– Ну-ка, расскажи.
– Рассказ совершенно дурацкий, – улыбнулась Клара. – Единственная его прелесть – в главной идее: можно вообразить такое измерение (на другой планете, например), где то, что мы называем музыкой, есть форма жизни.
– Прекрасно, – сказал Андрес. – Отныне я буду сотрудничать с этим журналом.
– А я буду твоей усердной читательницей. А что было бы, если бы музыка обладала сознанием?
– Ничего, просто я вообразил себе ужас прекрасной музыки, которая чувствует, что живет в недостойных устах, какая-то посредственность, например, ее насвистывает. Например, Моцарт, которого играет этот Мигелетти. Я подумал об этом, когда понял —
– то есть я вижу это уже давно, но сегодня —
увидел, как некие ценности, эти портреты, если хочешь, совершенно безоружны в руках типов, которые складывают их в углу.

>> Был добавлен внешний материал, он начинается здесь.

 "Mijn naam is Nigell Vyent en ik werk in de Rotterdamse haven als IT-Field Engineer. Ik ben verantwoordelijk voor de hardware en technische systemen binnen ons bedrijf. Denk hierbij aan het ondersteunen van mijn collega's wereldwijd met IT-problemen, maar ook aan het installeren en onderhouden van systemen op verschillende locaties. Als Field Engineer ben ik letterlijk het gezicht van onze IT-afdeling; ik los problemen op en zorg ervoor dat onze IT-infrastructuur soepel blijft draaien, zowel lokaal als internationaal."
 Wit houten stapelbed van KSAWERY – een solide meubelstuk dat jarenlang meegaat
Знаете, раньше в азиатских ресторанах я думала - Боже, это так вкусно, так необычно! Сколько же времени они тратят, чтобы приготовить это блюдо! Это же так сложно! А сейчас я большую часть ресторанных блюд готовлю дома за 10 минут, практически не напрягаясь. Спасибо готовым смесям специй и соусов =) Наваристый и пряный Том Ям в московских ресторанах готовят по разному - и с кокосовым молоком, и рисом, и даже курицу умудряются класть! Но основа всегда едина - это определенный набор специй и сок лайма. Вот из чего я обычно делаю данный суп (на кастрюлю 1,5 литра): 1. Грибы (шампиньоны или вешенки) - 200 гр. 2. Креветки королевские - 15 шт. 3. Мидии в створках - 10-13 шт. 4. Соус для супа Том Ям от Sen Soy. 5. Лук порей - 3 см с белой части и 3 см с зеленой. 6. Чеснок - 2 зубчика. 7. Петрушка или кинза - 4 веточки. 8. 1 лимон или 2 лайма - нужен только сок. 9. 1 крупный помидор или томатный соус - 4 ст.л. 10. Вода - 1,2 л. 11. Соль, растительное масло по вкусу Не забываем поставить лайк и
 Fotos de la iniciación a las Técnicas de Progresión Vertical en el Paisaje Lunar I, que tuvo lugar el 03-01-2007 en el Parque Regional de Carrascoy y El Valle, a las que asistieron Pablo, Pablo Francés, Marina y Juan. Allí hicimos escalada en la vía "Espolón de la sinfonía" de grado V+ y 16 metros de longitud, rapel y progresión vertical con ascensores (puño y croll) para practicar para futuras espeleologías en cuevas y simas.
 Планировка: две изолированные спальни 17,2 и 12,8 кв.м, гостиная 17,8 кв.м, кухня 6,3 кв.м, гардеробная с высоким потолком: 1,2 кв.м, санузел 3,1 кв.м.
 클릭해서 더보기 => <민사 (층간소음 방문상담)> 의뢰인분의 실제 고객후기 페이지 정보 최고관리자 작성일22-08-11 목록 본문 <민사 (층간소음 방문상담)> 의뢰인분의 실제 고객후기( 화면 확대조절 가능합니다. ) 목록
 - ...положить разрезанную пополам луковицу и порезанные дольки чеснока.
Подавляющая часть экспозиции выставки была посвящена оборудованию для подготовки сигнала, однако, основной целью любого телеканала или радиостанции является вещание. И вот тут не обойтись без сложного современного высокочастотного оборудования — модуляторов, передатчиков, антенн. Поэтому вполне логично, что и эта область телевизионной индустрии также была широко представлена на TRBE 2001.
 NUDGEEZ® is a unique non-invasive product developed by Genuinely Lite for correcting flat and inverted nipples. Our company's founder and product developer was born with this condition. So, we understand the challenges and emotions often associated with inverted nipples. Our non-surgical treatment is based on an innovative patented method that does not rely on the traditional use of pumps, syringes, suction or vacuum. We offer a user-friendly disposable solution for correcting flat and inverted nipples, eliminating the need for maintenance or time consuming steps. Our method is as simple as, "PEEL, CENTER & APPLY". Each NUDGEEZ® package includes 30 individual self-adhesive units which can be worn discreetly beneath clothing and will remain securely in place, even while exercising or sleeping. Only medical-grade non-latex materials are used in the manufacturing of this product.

Они даже не уничтожают их, просто засовывают в угол.
– Никто не позволит засунуть себя в угол, если он сам к этому не склонен, – сказала Клара, с интересом вслушиваясь в свистящие. – Но вот что ужасно. Ты, по крайней мере, чувствуешь себя загнанным, хотя и не знаешь точно, кто тебя загоняет и почему. А подумай о тех, кто уже не висит на своих гвоздиках, но по-прежнему чувствует себя портретом на стенке и не понимает, что его уже давным-давно забросили в угол.
– Вроде того, кто среди ночи надел маску, маскарадный костюм, да так и остался, один в потемках.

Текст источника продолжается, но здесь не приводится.